The accused was also examined by doctor P. W. 12 who certified that the accused was potent. For these reasons we do not find that there is any defence for the accused for the offence of rape under section 376 (2) (f), IPC, since the victim was a minor less than 12 years old on the date of occurrence. ( 5 ) NOW coming to the offence under Section 3 (2) (v) of the S. C. and S. T. (Prevention of Atrocities) Act, 1989, it reads as under :" (2) Whoever, not being a member of a scheduled Caste or a Scheduled Tribe, (v) Commits any offence under the Indian Penal Code (45 of 1860) punishable with imprisonment for a term of ten years or more against a person or property on the ground that such person is a member of scheduled caste or a scheduled tribe or such property belongs to such member, shall be punishable with imprisonment for life and with fine. " ( 6 ) FOR attracting the offence under this section, it is not enough that an offence is committed against a member of scheduled caste or scheduled tribe.

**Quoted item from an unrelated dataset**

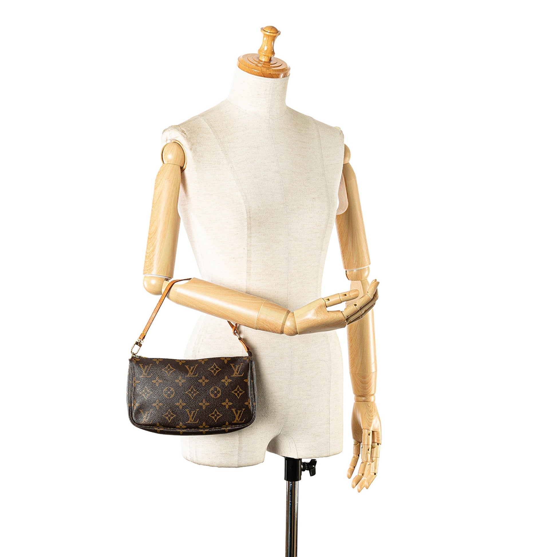 Product Details: Brown Louis Vuitton Monogram Pochette Accessoires Shoulder Bag. The Pochette Accessoires features a monogram canvas body, a flat vachetta leather handle, and a top zip closure. 5.1" L x 8.3" W x 1.4" D. Serial number AR0021.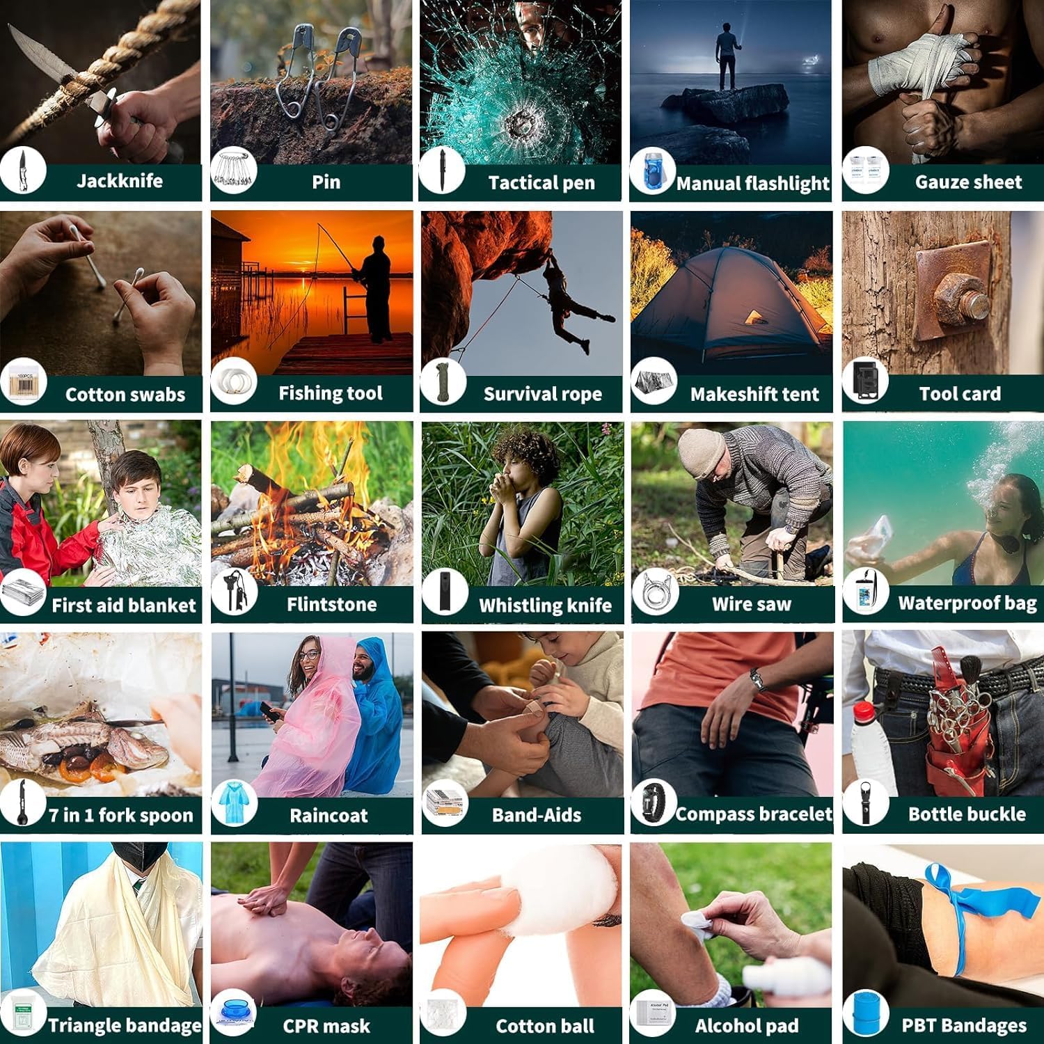 [Abundant Accessories]: The accessories in the first aid kit survival are divided into camping gears and first aid supplies. The two accessories are combined in one bag, which can be applied to emergencies such as hiking, camping, hunting,fishing, mountain climbing, rock climbing, and earthquakes. The comprehensiveness of this emergency survival kit is beyond your imagination. Accessories is reusable.

Bare perusal of this provision shows that the offence should be committed against the person belonging to scheduled Caste or Scheduled Tribe on the ground that such a person was a member of scheduled caste or scheduled tribe. Though it is a fact and it has been proved by evidence that the victim was a member of scheduled caste, but there is not an iota of evidence to show that the offence of rape was committed on her because she was a member of scheduled caste. ( 7 ) FOR these reasons, we set aside the conviction and sentence under Section 3 (2) (v) of the S. C. and S. T. (Prevention of atrocities) Act, 1989 and allow the appeal to that extent. We, however, uphold the conviction and sentence under Section 376 (2) (f) of IPC awarded by the trial Court. The appeals are according disposed of. Order accordingly.